● **Work order**
Please give back, exactly as written, the lines from the line with "Малечу розважали Дід" to the line with "через 3-8 дней" in the listing below, leaving out all pictures.

START The input

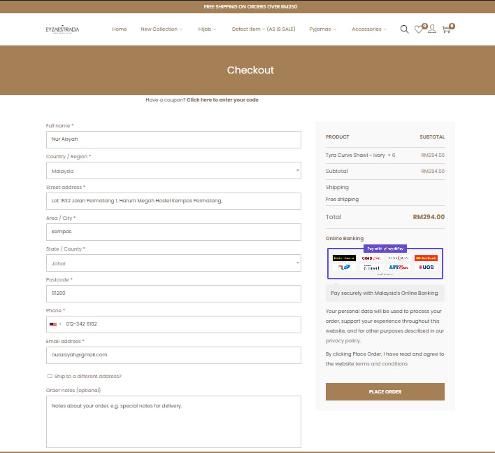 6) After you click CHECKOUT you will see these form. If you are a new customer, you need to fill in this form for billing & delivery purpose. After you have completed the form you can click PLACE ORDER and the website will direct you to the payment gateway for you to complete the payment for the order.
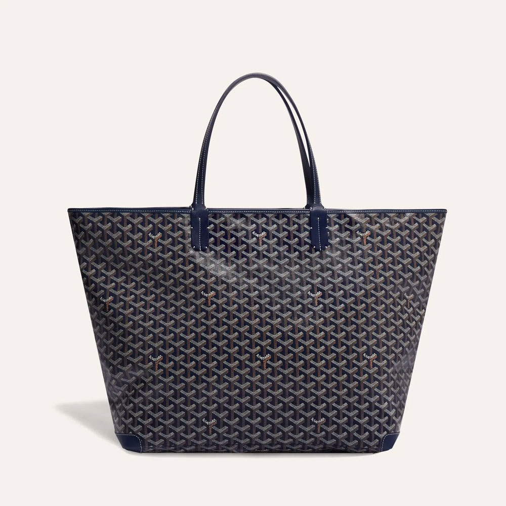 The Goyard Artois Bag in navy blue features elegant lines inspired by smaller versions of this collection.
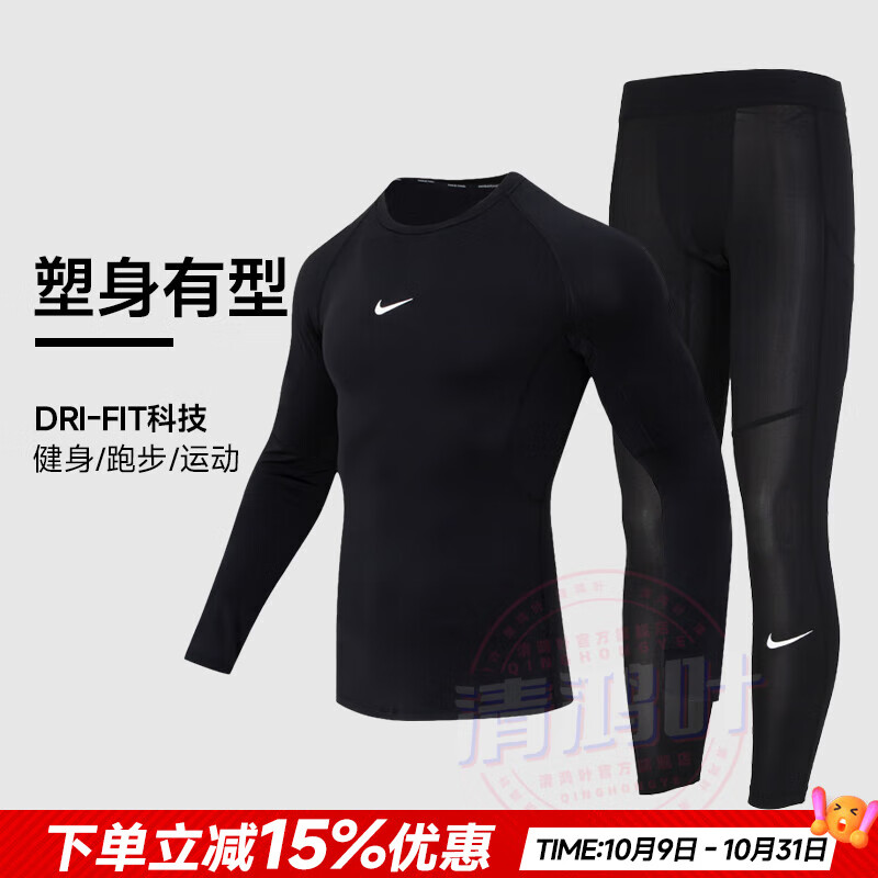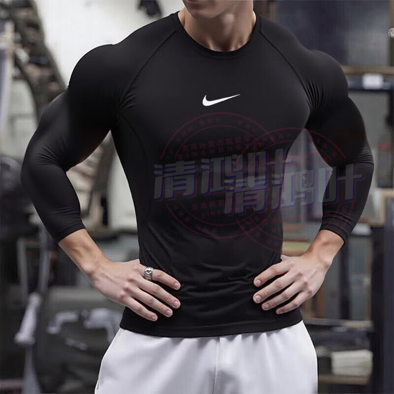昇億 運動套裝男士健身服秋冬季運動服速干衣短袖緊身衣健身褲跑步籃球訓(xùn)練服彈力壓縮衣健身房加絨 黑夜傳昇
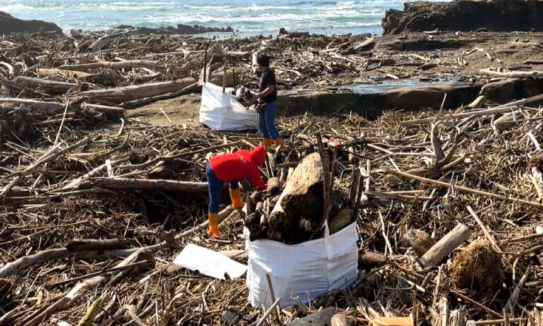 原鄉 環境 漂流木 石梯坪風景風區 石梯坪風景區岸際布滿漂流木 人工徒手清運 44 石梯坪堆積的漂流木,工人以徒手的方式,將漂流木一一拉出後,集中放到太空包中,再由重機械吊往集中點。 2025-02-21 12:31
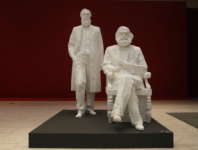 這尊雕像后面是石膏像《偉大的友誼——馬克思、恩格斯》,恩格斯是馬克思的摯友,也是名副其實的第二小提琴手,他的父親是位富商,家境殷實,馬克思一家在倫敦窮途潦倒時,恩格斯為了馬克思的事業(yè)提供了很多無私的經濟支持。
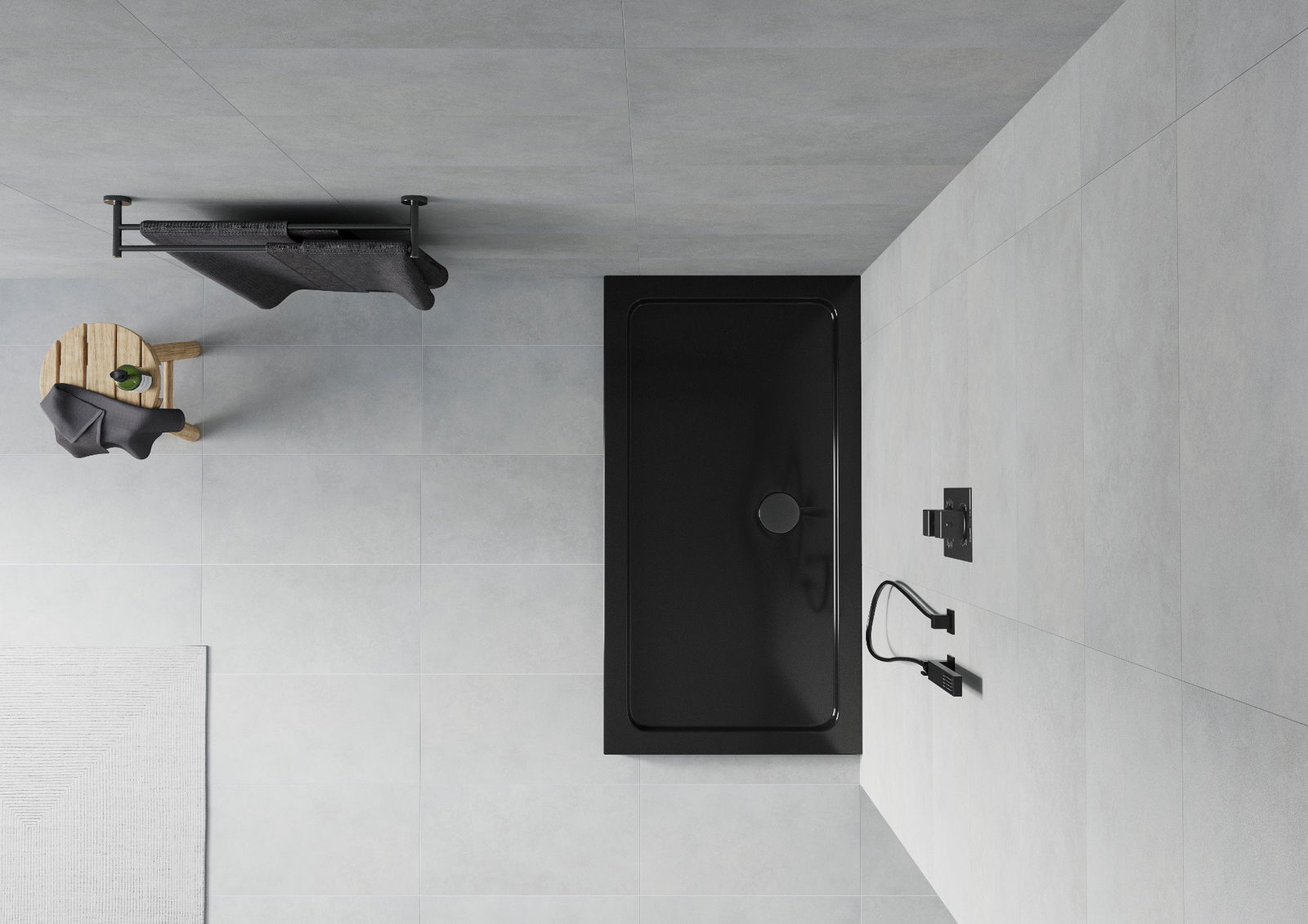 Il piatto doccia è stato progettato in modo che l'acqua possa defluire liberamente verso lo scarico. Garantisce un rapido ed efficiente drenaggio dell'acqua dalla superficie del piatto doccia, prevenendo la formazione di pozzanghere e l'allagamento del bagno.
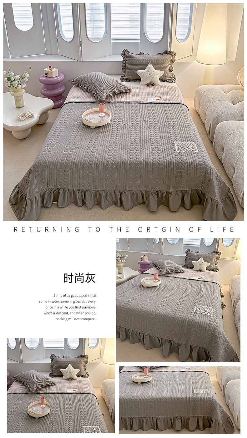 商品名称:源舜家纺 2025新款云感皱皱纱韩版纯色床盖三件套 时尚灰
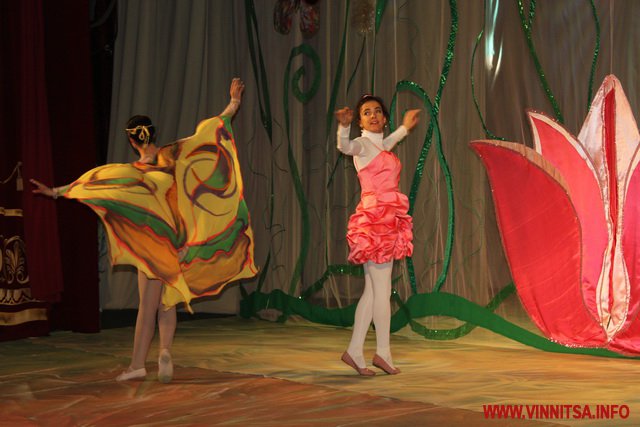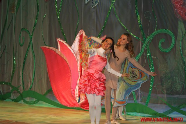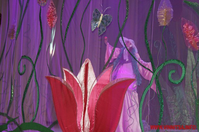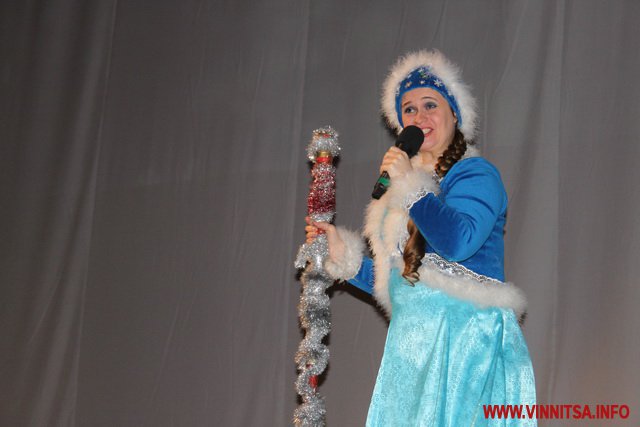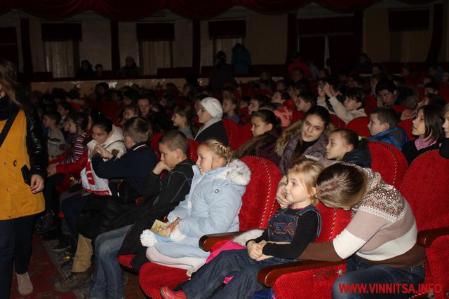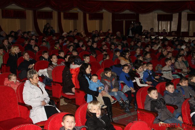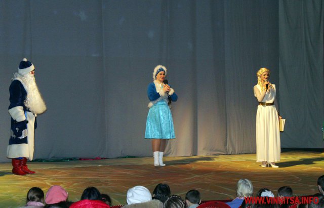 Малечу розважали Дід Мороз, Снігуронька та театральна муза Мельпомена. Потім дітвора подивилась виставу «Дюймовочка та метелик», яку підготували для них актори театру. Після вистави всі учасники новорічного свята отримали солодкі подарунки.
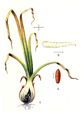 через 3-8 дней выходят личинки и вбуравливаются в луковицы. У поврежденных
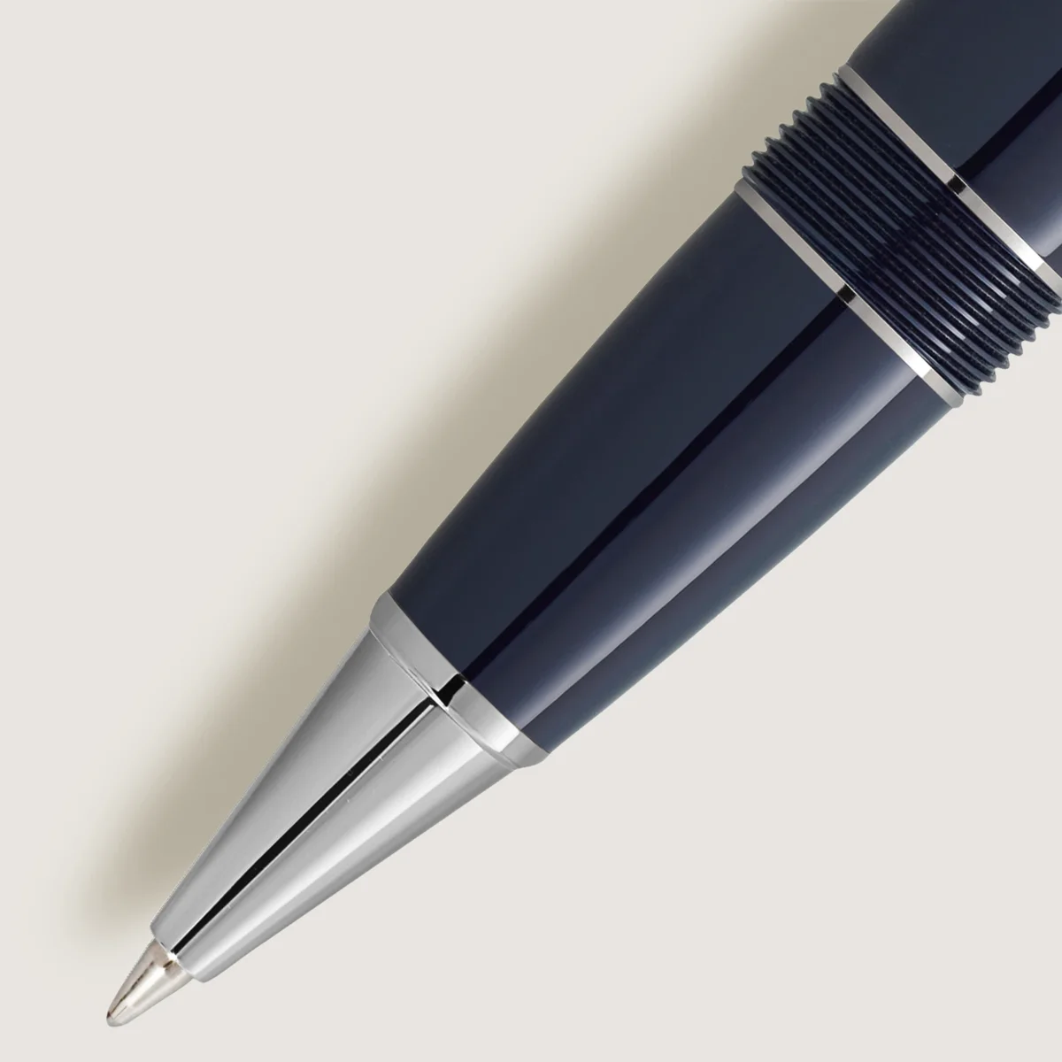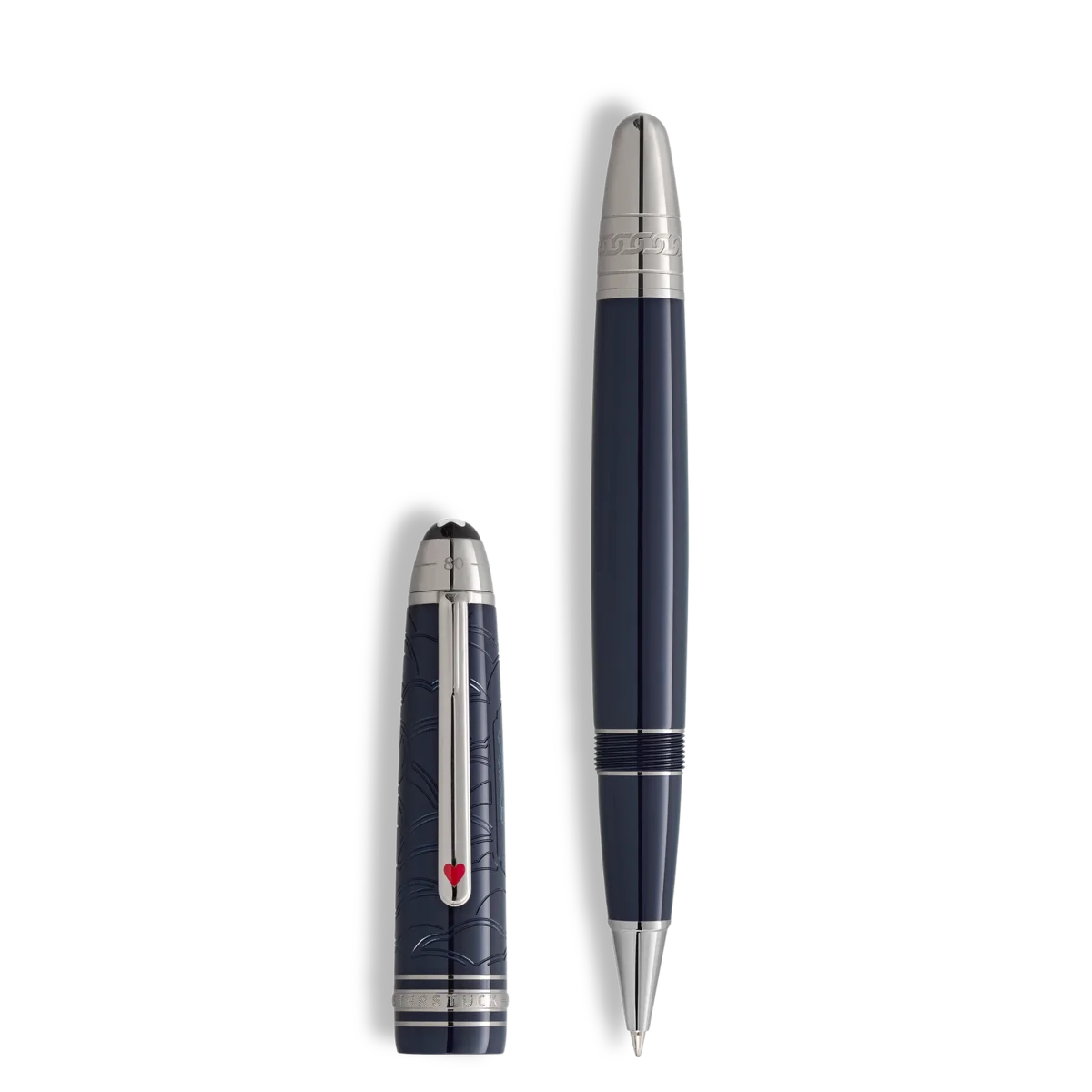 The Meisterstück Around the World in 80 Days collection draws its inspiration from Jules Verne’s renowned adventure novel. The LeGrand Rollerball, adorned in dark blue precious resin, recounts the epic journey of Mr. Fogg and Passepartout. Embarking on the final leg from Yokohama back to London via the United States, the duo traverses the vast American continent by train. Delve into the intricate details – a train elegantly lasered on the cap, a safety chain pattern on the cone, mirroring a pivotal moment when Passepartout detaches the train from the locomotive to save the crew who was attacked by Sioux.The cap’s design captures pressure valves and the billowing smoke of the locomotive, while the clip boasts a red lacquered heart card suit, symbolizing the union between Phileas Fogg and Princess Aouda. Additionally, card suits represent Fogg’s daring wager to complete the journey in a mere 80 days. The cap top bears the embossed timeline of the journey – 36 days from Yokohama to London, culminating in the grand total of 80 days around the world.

END The input

● **Finished exercise**
 Малечу розважали Дід Мороз, Снігуронька та театральна муза Мельпомена. Потім дітвора подивилась виставу «Дюймовочка та метелик», яку підготували для них актори театру. Після вистави всі учасники новорічного свята отримали солодкі подарунки.
 через 3-8 дней выходят личинки и вбуравливаются в луковицы. У поврежденных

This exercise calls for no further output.